Revenues. Consolidated revenues increased $225.8 million, or 38%, in the second quarter of
2011 compared to the second quarter of 2010.
Our well site services segment revenues increased $40.4 million, or 36%, in the second quarter of 2011
compared to the second quarter of 2010. This increase was primarily due to significantly increased
rental tools revenues. Our rental tools revenues increased $33.6 million, or 42%, primarily due to
increased demand for completion services with the increase in the U.S. rig count, a more favorable
mix of higher value rentals, increased rental tools utilization and better pricing. Our drilling
services revenues increased $6.8 million, or 20%, in the second quarter of 2011 compared to the
second quarter of 2010 primarily as a result of increases in pricing with average day rates rising
to $16.5 thousand per day in the second quarter of 2011 from $14.2 thousand per day in the second
quarter of 2010.
20
Table of Contents
Our accommodations segment reported revenues in the second quarter of 2011 that were $81.0
million, or 66%, above the second quarter of 2010. The increase in
accommodations segment revenues resulted
from the full quarter contribution from the recent acquisitions of The MAC and Mountain West and increased oil sands lodge
revenues from increased room capacity. Revenues and average available
rooms for our oil sands lodges increased 43% and 29%, respectively, in the
second quarter of 2011 compared to the second quarter of 2010.
Our
offshore products segment revenues increased $25.7 million, or 24%, in the second quarter of 2011
compared to the second quarter of 2010. This increase was primarily the result of higher revenues
for production and subsea orders.
Tubular
services segment revenues increased $78.7 million, or 31%, in the second quarter of 2011
compared to the second quarter of 2010. This increase was the result of an increase in tons shipped
from 134,900 in 2010 to 173,300 in 2011, an increase of 38,400 tons, or 28%, driven by increased
drilling activity.
Cost
of Sales and Service. Our consolidated cost of sales increased $147.3 million, or 31%,
in the second quarter of 2011 compared to the second quarter of 2010 as a result of increased cost
of sales at our tubular services segment of $70.3 million, or 29%, an increase at our
accommodations segment of $35.3 million, or 48%, an increase at our well site services segment of
$21.2 million, or 27%, and an increase at our offshore products segment of $20.5 million, or 26%.
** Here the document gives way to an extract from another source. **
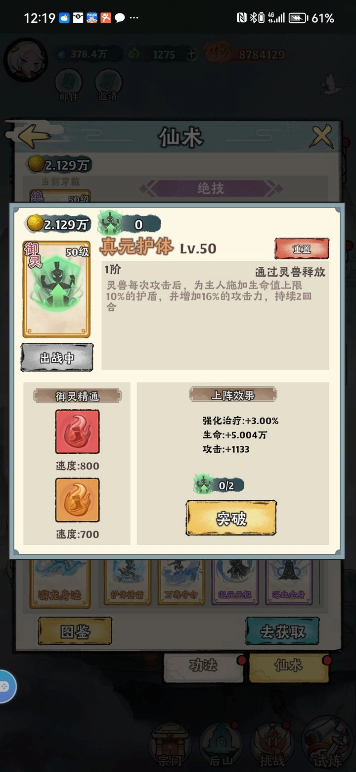 5、仙術這塊,別一門心思只盯著橙卡,平民玩家負擔不起。絕技方面,選擇八部金剛來保命,或者選生命蓮華進行回血,只有保證存活,才能打出輸出。
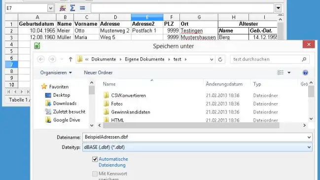 Excel-Datei als .dbf-Datei speichern

Our consolidated gross margin as a percentage of revenues increased from 21% in the second quarter
of 2010 to 25% in the second quarter of 2011 primarily due to the increased proportion of
relatively higher margin accommodations segment revenues in 2011 compared to 2010 and higher margins
realized in our accommodations business in Australia.
Our
well site services segment cost of sales increased $21.2 million, or 27%, in the second quarter of
2011 compared to the second quarter of 2010 as a result of a $20.4 million, or 41%, increase in
rental tools services cost of sales. Our well site services segment gross margin as a percentage
of revenues increased from 31% in the second quarter of 2010 to 35% in the second quarter of 2011.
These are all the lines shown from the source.